In 1705 the conversion of the Renaissance castle into a Baroque residence was started by state architect, Hermann Korb, on behalf of Duke Louis Rudolf of Brunswick-Wolfenbüttel. The reconstruction resulted in a simpler and clearer structure of the outer shape and lasted until 1718. Also created were reception rooms (the Grey Hall, Reduten Hall and Imperial Hall) in the interior, and a multi-storey, octagonal royal church.

When Elizabeth Christine married the future emperor, Charles VI, during the time of residence of Louis Rudolf, Emperor Joseph I elevated Blankenburg to the status of a principality.

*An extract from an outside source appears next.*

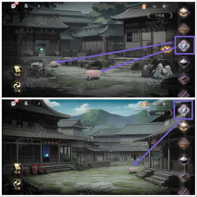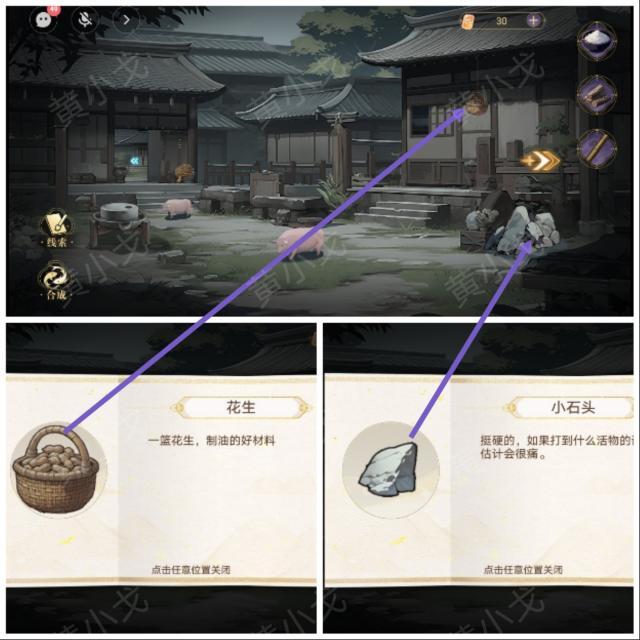 ♦️出现一个妇人,与她对话。然后回后院拿石头,再去街道扔小猪,吸引老板出去。

Elisabeth Christine's eldest daughter later became the Empress Maria Theresa.

The family of the Duke Ernest Augustus of Brunswick (1887–1953) and his wife Duchess Victoria Louise, Princess of Prussia (1892–1980), lived in the castle from 1930 until their flight and the expropriation of their property in 1945. The family had been given the castle as their private property as compensation in the wake of loss of the principality in 1924. In 1917 the only daughter of the Duke and Duchess, Frederica, who was later Queen of the Hellenes and mother of the Spanish queen, Sophia, was born here. In 1937, the Duke and Duchess hosted a ball here celebrating the engagement of their daughter Frederica with then crown prince Paul of Greece.

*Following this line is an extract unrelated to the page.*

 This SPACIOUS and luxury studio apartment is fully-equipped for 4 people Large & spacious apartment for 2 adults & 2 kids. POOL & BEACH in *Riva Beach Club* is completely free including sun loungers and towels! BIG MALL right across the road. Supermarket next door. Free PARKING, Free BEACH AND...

The court of Blankenburg became famous for its brilliant festivals and theatrical performances.

After 1945 the House of Hanover was expropriated, thereby losing the Old and the New Castle together with vast forests at Blankenburg, as well as Hessen castle and estates.

Under the East German rule, the Technical College for Domestic Commerce was housed in Blankenburg Castle. During this time the building was architecturally maintained. Following the closure of the school with the demise of East Germany in 1990 a long period began in which the castle was not used and the building became neglected as a result. Plans by a buyer, who had acquired the castle in 1996, to run a major tourist project did not come to fruition. Years of decline followed, resulting in leaking roofs, permanent damp in the building and its infestation by dry rot, leading to a danger of collapse. Vandalism and theft made for further decline.

The vacancy for 12 years almost destroyed the substance of the building. What looks imposing and impressive from a distance is exposed to decay in many places on closer inspection. However many people from Blankenburg and friends of the castle formed an association in 2005 in order to preserve the great castle. With loving detail work and with the support of many partners and sponsors as well as various subsidies, they have succeeded in completing the most important safeguard measures for the preservation of the building and making the first parts accessible again. The most representative rooms of the complex can be visited during the regular public guided tours of the castle. The Grey Hall, the Theater, the Castle Chapel, the Imperial Hall and the Knight's Hall have been restored and are now available for guided tours and events. Romantic weddings are also held once again in the castle.